* INPUT DATA *
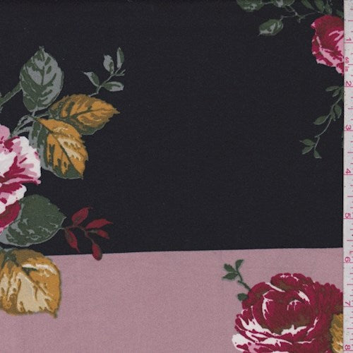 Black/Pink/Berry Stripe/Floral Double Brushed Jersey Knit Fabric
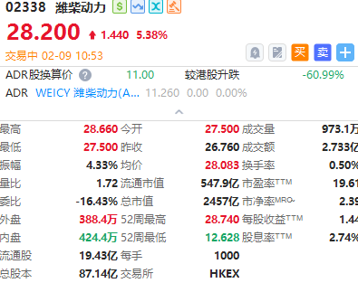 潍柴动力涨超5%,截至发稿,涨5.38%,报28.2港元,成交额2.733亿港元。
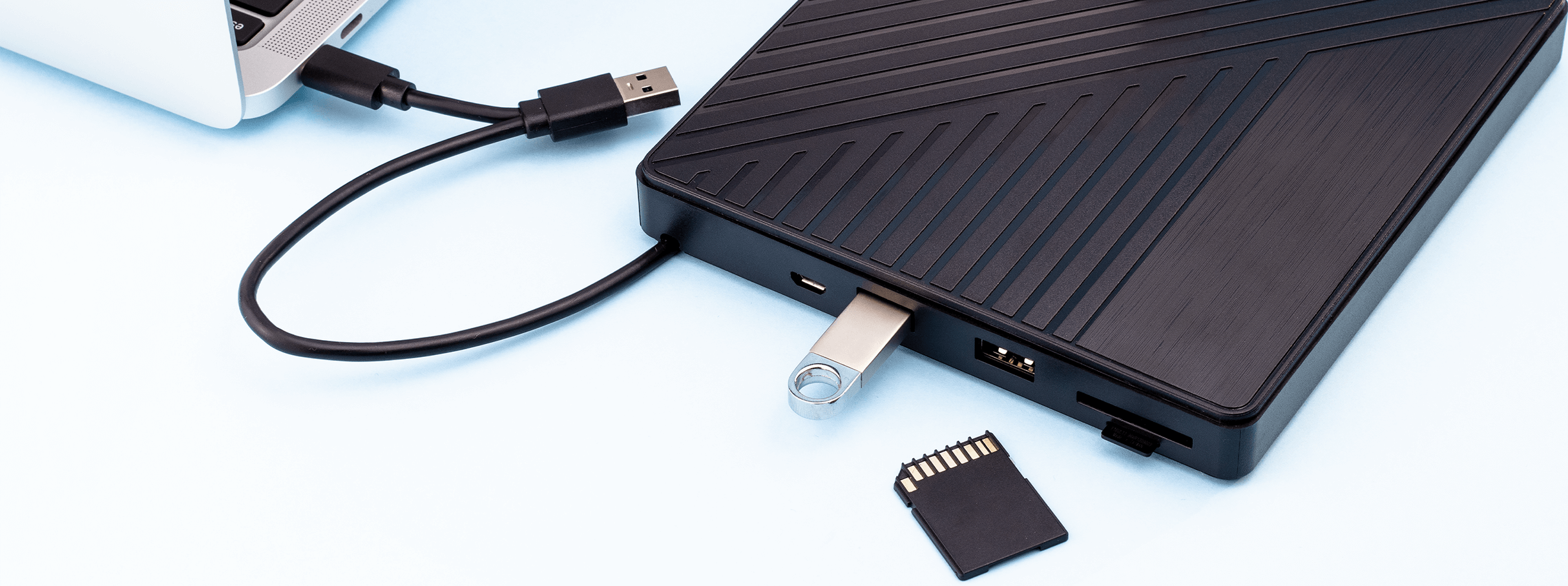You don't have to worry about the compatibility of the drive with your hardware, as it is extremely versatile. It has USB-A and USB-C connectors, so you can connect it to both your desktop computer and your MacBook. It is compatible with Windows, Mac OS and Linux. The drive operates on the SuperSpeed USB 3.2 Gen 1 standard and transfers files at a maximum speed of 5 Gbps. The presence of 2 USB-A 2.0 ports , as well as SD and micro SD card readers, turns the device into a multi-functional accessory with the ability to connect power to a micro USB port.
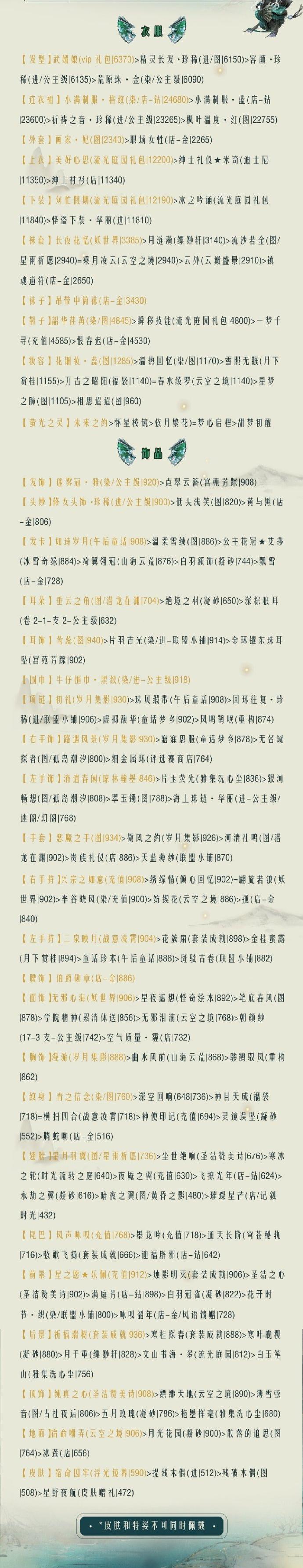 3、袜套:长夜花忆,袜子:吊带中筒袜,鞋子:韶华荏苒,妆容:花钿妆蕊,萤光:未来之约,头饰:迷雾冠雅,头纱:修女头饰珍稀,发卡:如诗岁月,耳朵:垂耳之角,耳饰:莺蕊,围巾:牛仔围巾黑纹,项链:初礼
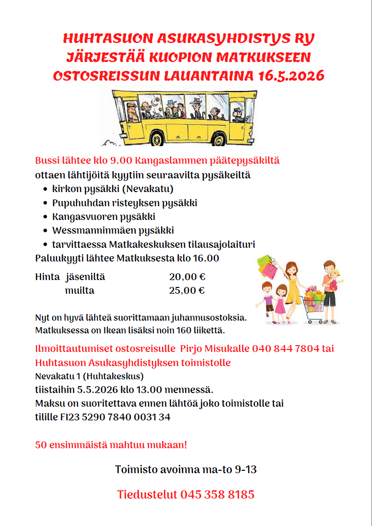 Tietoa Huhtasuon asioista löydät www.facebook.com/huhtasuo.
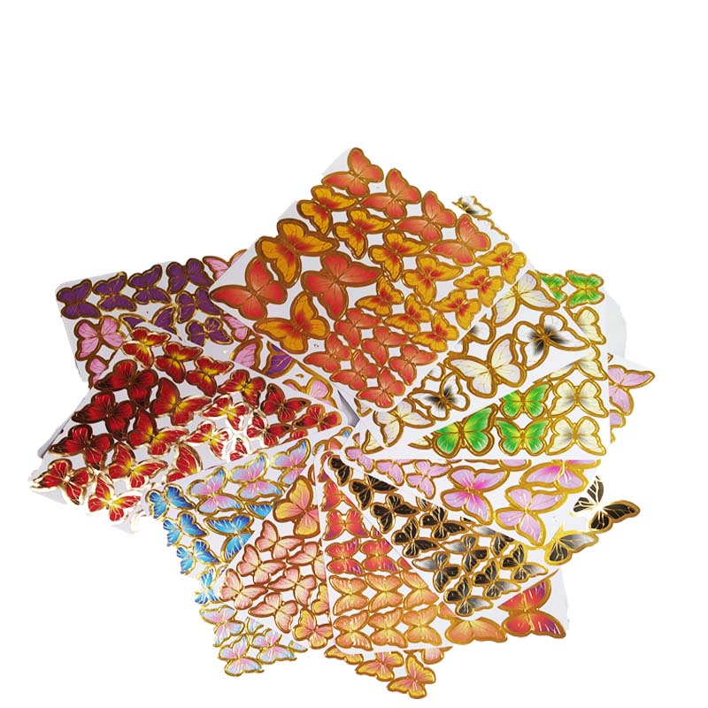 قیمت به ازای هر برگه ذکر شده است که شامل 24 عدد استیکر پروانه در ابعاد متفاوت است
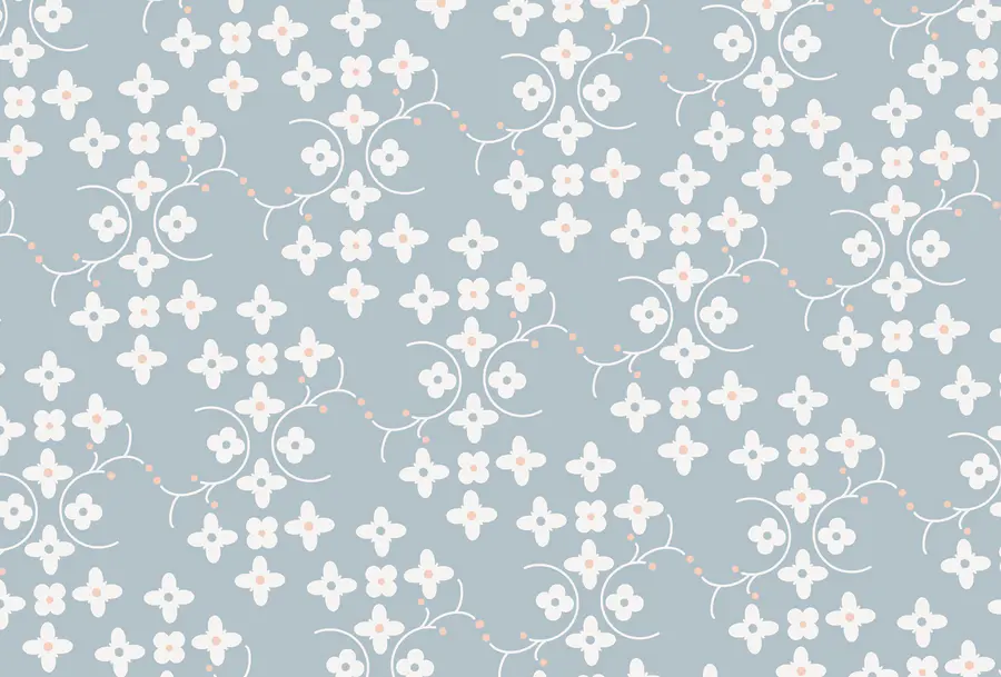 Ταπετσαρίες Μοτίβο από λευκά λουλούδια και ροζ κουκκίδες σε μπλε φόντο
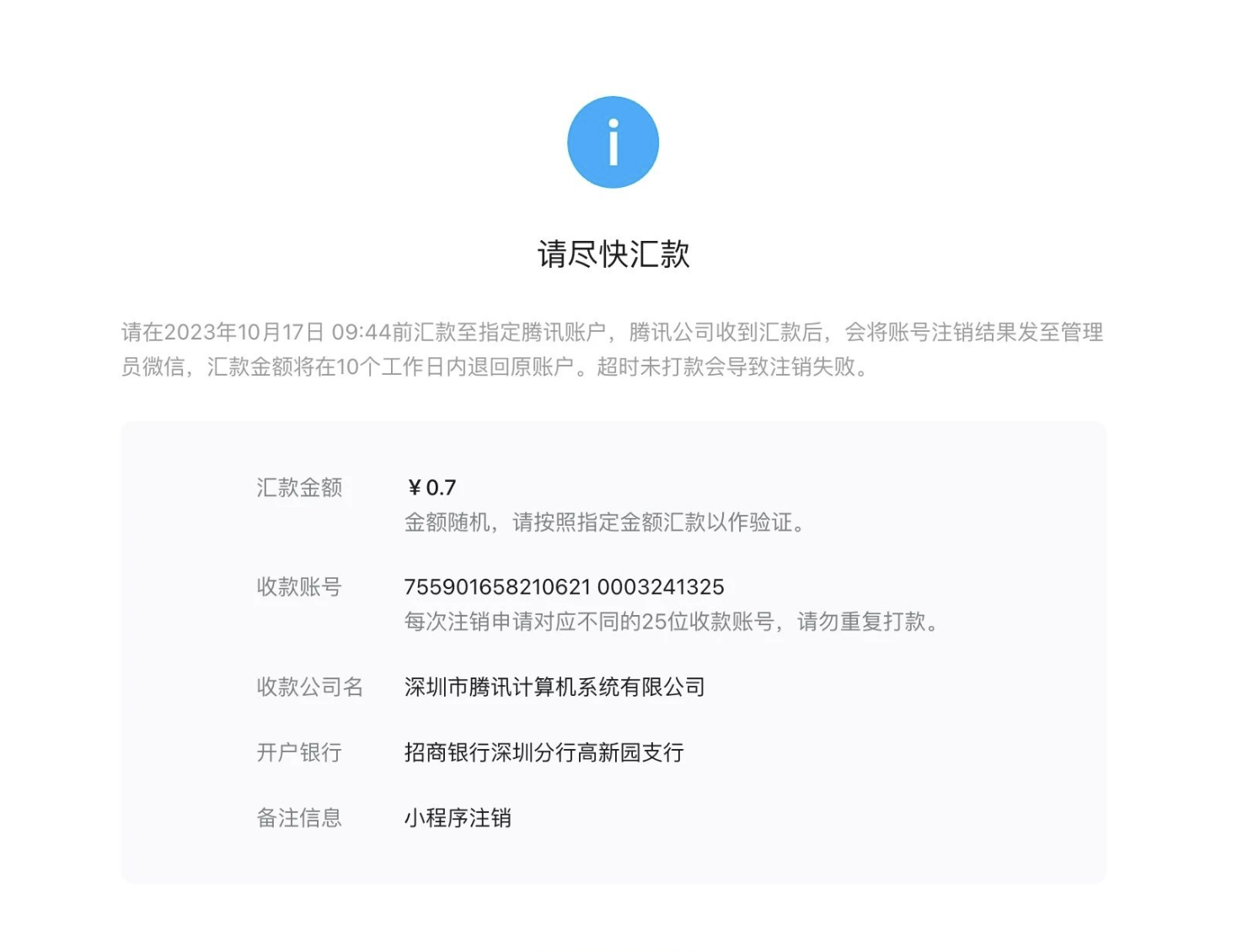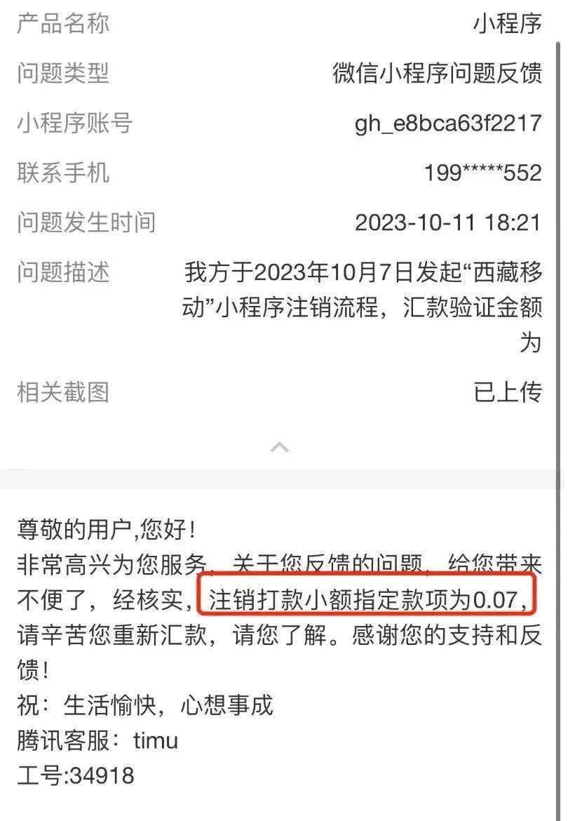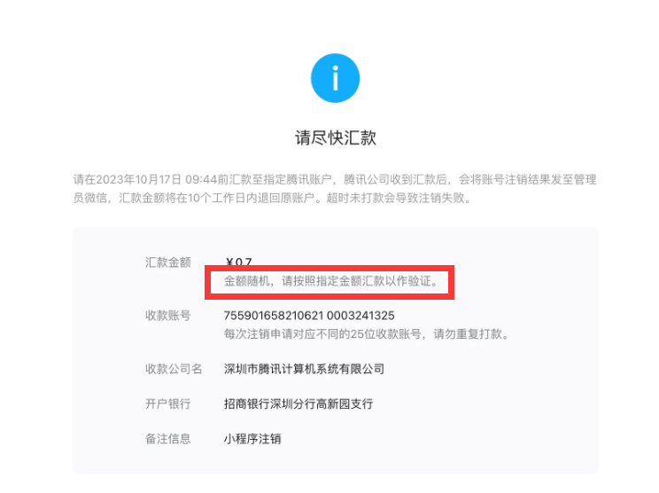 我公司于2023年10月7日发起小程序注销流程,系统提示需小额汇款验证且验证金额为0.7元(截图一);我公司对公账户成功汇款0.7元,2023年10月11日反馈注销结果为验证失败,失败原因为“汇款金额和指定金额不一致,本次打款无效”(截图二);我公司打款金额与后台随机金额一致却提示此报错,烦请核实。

* DIRECTIONS *
First drop every picture, then print the data above exactly as it stands.

* SOLUTION *
 Black/Pink/Berry Stripe/Floral Double Brushed Jersey Knit Fabric
 潍柴动力涨超5%,截至发稿,涨5.38%,报28.2港元,成交额2.733亿港元。
You don't have to worry about the compatibility of the drive with your hardware, as it is extremely versatile. It has USB-A and USB-C connectors, so you can connect it to both your desktop computer and your MacBook. It is compatible with Windows, Mac OS and Linux. The drive operates on the SuperSpeed USB 3.2 Gen 1 standard and transfers files at a maximum speed of 5 Gbps. The presence of 2 USB-A 2.0 ports , as well as SD and micro SD card readers, turns the device into a multi-functional accessory with the ability to connect power to a micro USB port.
 3、袜套:长夜花忆,袜子:吊带中筒袜,鞋子:韶华荏苒,妆容:花钿妆蕊,萤光:未来之约,头饰:迷雾冠雅,头纱:修女头饰珍稀,发卡:如诗岁月,耳朵:垂耳之角,耳饰:莺蕊,围巾:牛仔围巾黑纹,项链:初礼
 Tietoa Huhtasuon asioista löydät www.facebook.com/huhtasuo.
 قیمت به ازای هر برگه ذکر شده است که شامل 24 عدد استیکر پروانه در ابعاد متفاوت است
 Ταπετσαρίες Μοτίβο από λευκά λουλούδια και ροζ κουκκίδες σε μπλε φόντο
 我公司于2023年10月7日发起小程序注销流程,系统提示需小额汇款验证且验证金额为0.7元(截图一);我公司对公账户成功汇款0.7元,2023年10月11日反馈注销结果为验证失败,失败原因为“汇款金额和指定金额不一致,本次打款无效”(截图二);我公司打款金额与后台随机金额一致却提示此报错,烦请核实。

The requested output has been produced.